The lifetime cap is more than double the £35,000 limit recommended by Andrew Dilnot, the economist appointed by David Cameron to draw up fresh plans for change in July 2011.

The Government will foot the £700m bill.

It comes amid a growing crisis about the tens of thousands of pensioners who are forced to sell their homes to afford care, such as help with washing, dressing and feeding themselves.

Under England’s current system, pensioners with assets of £23,500 or more – including the value of their homes – have to pay unlimited care charges.

At least 20,000 have to sell their homes to pay for care every year.

Two years ago, Dilnot’s report found that pensioners should spend between £20,000 and 50,0000 on long-term care over a lifetime.

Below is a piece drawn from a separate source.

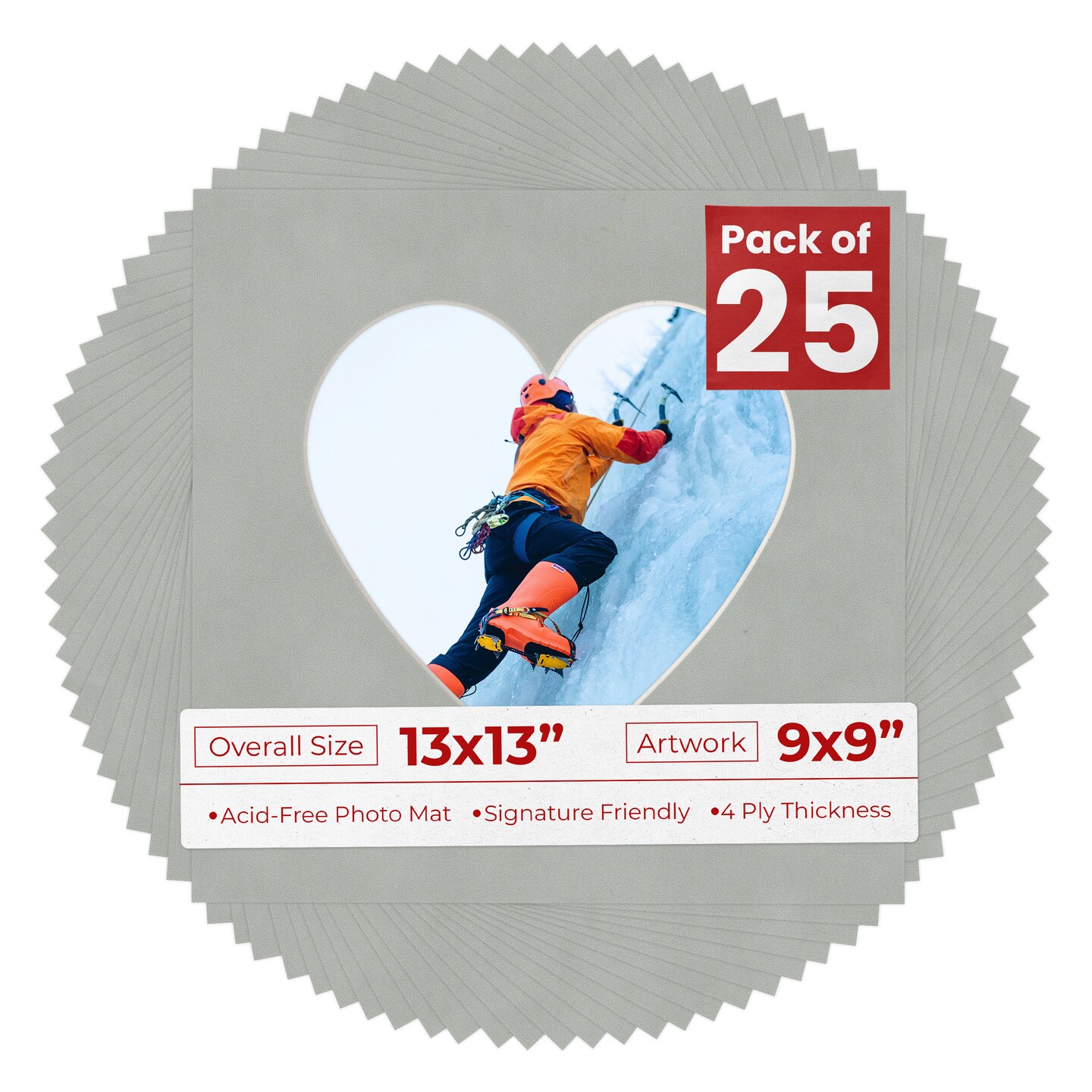 Light Grey Suede Mat Board for 13x13 Frames - Heart Opening for 9x9 Photos

After that point, the government would pay.

Chancellor George Osborne is understood to have baulked at Dilnot’s figure, which would have cost the state £1.7bn.

Under the new agreement struck, the cap will not cover the cost of board and lodging provided by care homes.

Pensioners may be faced with extra bills of about £10,000 a year for room and board.

The scheme is likely to begin in 2015 – 16.

It forms the centrepiece of the government’s mid-term review, which is published tomorrow.

The Government will outline further details in the coming months.

Norman Lamb, the care services minister, launched a last-minute plea earlier this week for the Chancellor to set aside money to end the scandal of pensioners having to sell their homes to fund sky-high care bills.

In a strongly worded intervention, he told the Mr Osborne: ‘We have just got to get on with it.’

Mr Lamb has been joined by three Tory-run councils which wrote to the Prime Minister urging a cap of £35,000 on the amount people have to pay.

Ros Altmann, director-general of Saga, warned: ‘If you have a cap as high as £75,000, most people will never reach it.’

A Whitehall source said that the new cap is likely to be something that Dilnot would support.